**Task instructions:** Under this line are records; the part from the line containing "to facilitate PDL" through the line containing "Bunds like this" should be repeated exactly. Please exclude pictures.
--------
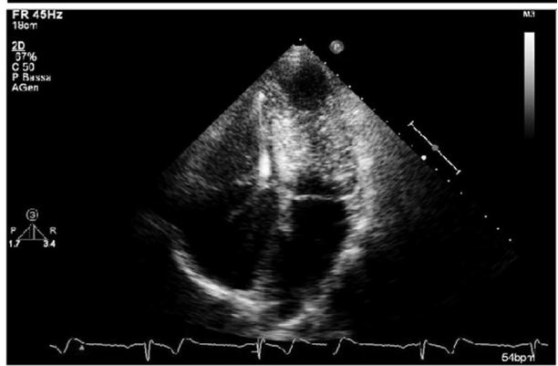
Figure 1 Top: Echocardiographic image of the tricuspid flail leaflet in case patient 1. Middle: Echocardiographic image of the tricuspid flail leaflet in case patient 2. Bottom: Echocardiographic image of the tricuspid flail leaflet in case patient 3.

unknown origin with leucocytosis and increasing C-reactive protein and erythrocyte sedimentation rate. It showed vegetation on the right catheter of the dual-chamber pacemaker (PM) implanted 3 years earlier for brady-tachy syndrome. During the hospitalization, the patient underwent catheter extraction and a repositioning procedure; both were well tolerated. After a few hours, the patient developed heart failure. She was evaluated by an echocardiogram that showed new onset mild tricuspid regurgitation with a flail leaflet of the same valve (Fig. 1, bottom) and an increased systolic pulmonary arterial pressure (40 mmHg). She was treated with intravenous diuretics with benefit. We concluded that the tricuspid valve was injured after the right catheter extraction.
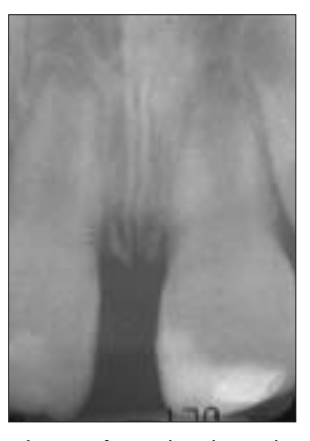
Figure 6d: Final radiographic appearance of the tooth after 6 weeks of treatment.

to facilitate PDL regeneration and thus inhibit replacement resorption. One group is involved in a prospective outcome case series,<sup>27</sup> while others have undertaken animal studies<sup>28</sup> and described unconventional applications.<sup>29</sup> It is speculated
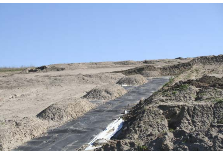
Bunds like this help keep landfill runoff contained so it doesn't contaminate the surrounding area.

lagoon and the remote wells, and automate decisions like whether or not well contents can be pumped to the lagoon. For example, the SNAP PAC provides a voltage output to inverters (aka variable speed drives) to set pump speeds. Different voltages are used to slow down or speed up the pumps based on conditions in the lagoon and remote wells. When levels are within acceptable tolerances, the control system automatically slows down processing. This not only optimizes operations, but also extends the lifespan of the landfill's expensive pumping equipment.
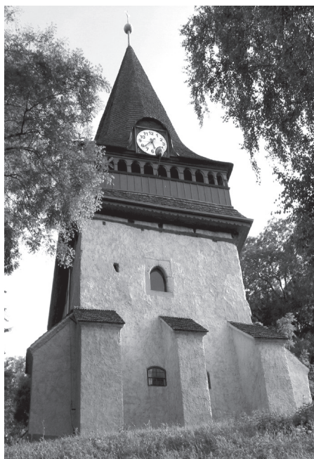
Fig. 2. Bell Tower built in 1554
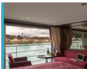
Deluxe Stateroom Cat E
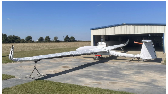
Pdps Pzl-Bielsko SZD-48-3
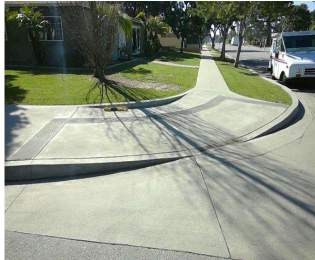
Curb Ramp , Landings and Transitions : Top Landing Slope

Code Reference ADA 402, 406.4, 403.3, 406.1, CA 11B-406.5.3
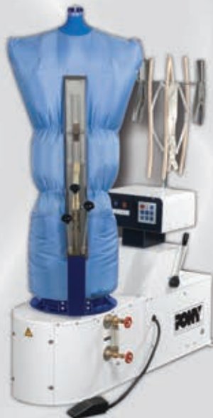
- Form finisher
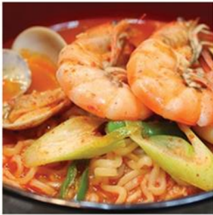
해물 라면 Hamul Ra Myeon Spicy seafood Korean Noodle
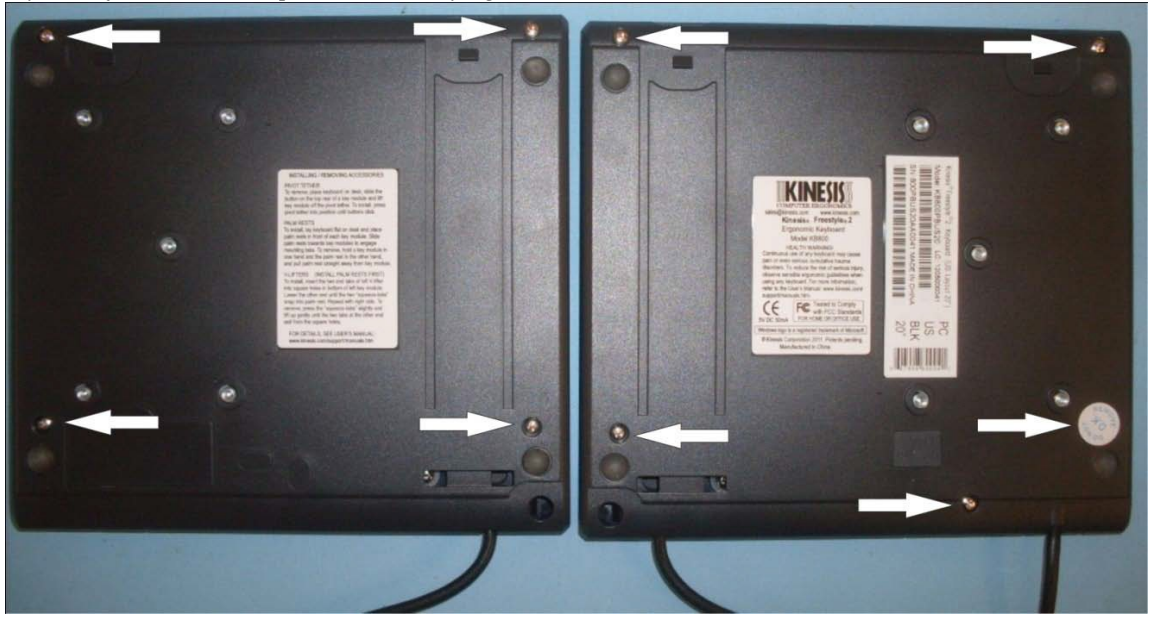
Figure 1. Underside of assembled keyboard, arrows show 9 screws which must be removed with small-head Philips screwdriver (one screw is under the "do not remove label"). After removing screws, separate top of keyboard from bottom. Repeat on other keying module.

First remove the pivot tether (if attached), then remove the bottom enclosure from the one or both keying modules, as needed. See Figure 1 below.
--------
**Answer to this problem:**
to facilitate PDL regeneration and thus inhibit replacement resorption. One group is involved in a prospective outcome case series,<sup>27</sup> while others have undertaken animal studies<sup>28</sup> and described unconventional applications.<sup>29</sup> It is speculated
Bunds like this help keep landfill runoff contained so it doesn't contaminate the surrounding area.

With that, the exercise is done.